Антонину как обожгло. Она схватила Александра Лаврентьевича под руку и твёрдо вывела из комнаты внука. За дверью комнаты послышался гром, там, похоже, что-то разбилось. Антонина, ни слова не говоря, втолкнула гостя в большую комнату, силком направила его на диван, выдвинула ящик комода и, покопавшись в нём, достала упаковку таблеток.

- Посиди пока, - приказала она обалдевшему Александру Лаврентьевичу и, не дожидаясь его ответа, умчалась к внуку.


- Ты сегодня дома? - спросил он её на исходе мая по телефону, когда в окна с нагретой улицы влетали, играя крылышками, солнечные лучи.

- Не знаю, - ответила Антонина, - вроде собиралась в Госстрах, но чувствую, не дойду сегодня.

- Ага, - ответил ей Александр Лаврентьевич и сразу повесил трубку.

Зачем «ага», почему «ага», этого Антонина не поняла.

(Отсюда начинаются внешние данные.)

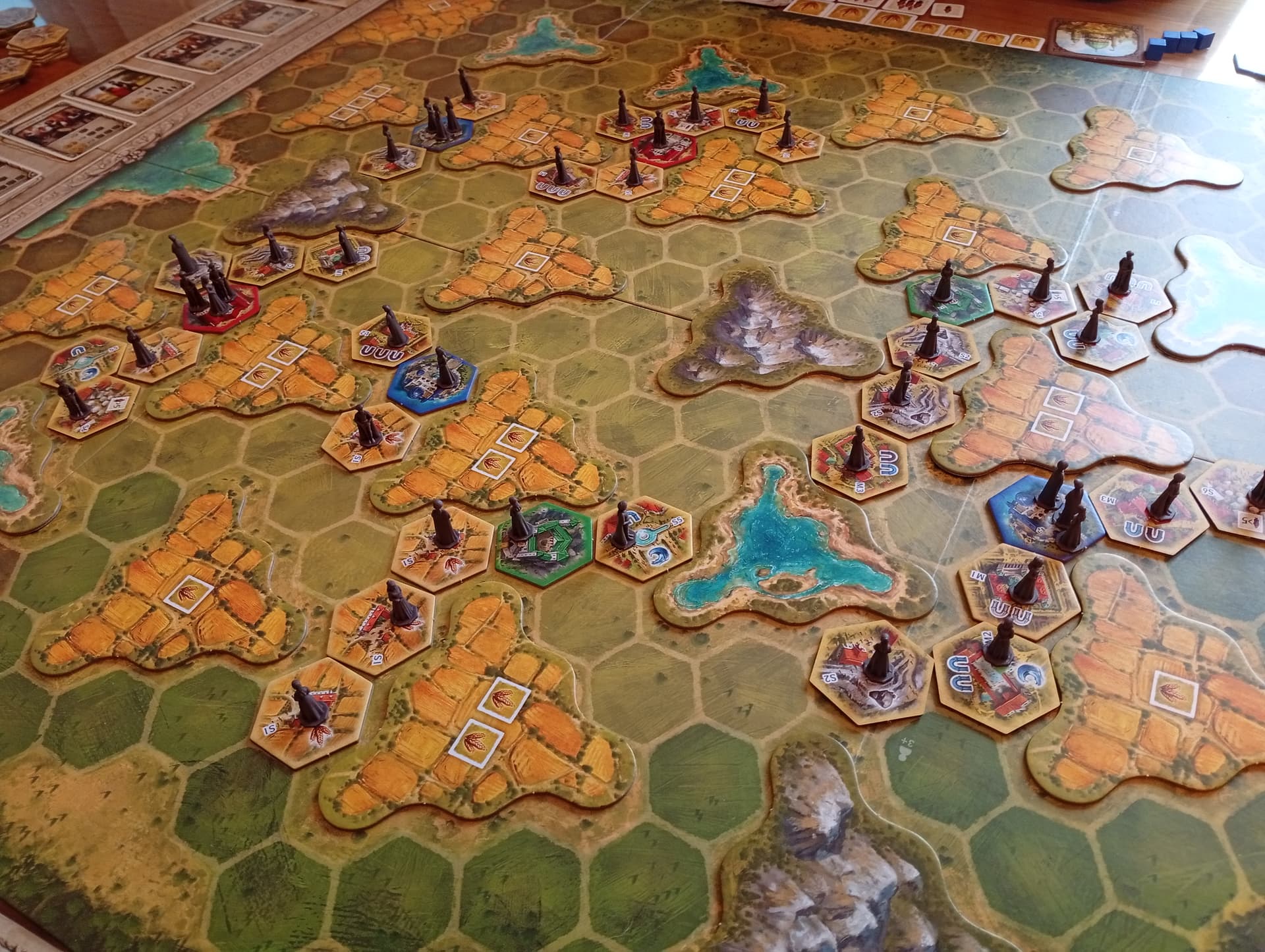 Pour info, je viens de mettre à jour la nouvelle édition sur la fiche ainsi que l’ancienne (notamment le matériel). C’est sensiblement la même chose. Par contre la nouvelle édition propose une extension avec du matériel rajoutant des bâtiments (port, théâtre etc…de nouvelles cartes politique, 2 terrains et des aides). A voir ce que cela donne. Dommage, je n’ai pas vu de système de comptage facilitant le rythme entre les phases. Cette nouvelle version ne doit pas échapper à ce petit souci de la première. Si il y a des avis sur ce que donne l’extension, je suis preneur.

Звонок в прихожей заголосил в начале третьего пополудни. Она ещё не обедала, только включила газ, чтобы поставить разогревать суп. Антонина в квартире была одна, Миша уехал к матери, что-то ему было от неё нужно. Глянула в глазок, увидела окарикатуренное двояковыпуклой линзой лицо Александра Лаврентьевича, состроила ему рожу, не обратив внимания на коробку, которую её воздыхатель бережно прижимал к груди. Открыла дверь, впустила Александра Лаврентьевича в квартиру.

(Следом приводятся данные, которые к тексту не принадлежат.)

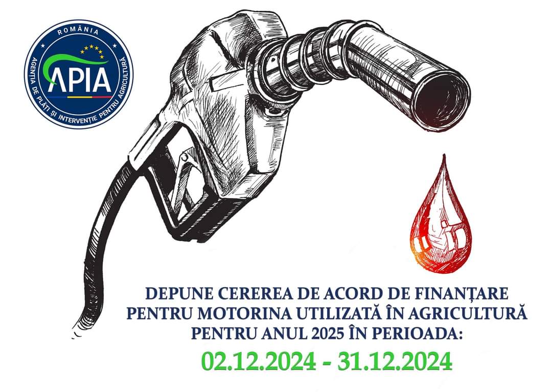 Agenţia de Plăţi şi Intervenţie pentru Agricultură (APIA) informează că în perioada 02 – 31 decembrie 2024 inclusiv, se depun Cererile de acord pentru finanţare aferente schemei de ajutor de stat pentru reducerea accizei la motorina utilizată în agricultură pentru anul 2025, astfel:

- Уф-ф, упарился, - сказал он, выдохнув старый воздух и вдохнув новый. - Первая, - прибавил Александр Лаврентьевич, осторожно ставя длинную, словно гроб, коробку на пол в прихожей, - пошёл за второй. Я сейчас, не закрывай дверь.

Антонина глядела во все глаза на картонный гробик с открытым верхом, из которого виднелось обёрнутое в жёваную бумагу непонятно что, и предчувствие чего-то неотвратимого сосало её желудок.

Вслед за первой Александр Лаврентьевич занёс в квартиру вторую коробку, третью и четвёртую. Эта была последней.

- Всё, Евгения отпустил, - объяснил он таращившей на него глаза Антонине. - Женька, сосед. Если на такси везти, то никаких наших денег пенсионерских не хватит, а Евгений только за бензин взял, немного, ну какой там бензин от Народной до Бухарестской!

Он уселся прямо на тумбочку и громко перевёл дух.

- Квартиру я свою сдал, буду теперь жить у тебя, - сказал он, расшнуровывая ботинок. - Будешь ты у меня жена.

- Как это?.. - только и смогла вымолвить Антонина. Потом глянула на прихожую, заставленную коробками, и из глаз её потекли слезы.


В большой комнате, в коридоре, в кухне, даже в ванной на полке рядом с зубными щётками жили теперь лягушки. Ровным счётом двести сорок одна, если считать и ту, подаренную Антониной Васильевной в первый визит Александра Лаврентьевича в её квартиру. Глиняные, железные, деревянные, каменные, фарфоровые. Одна была из метеоритного железа, самая ценная, её сослуживцы Александра Лаврентьевича подарили юбиляру на юбилей, шестидесятипятилетие. Так он ей рассказывал каждый вечер, всякий раз добавляя при этом, что точно из такого железа была отлита колонна в Дели в пятом веке от Рождества Христова то ли расой атлантов, то ли инопланетянами из другой галактики. Слушать Александра Лаврентьевича было иногда интересно. Иногда скучно. Порой противно. Но куда денешься?! Когда квартира превратилась в болото и в ванной поют лягушки с пластинки фирмы «Мелодия», деться можно лишь в сон. Или на дачу в Вырицу. Или к сестре Вере, но к ней не часто.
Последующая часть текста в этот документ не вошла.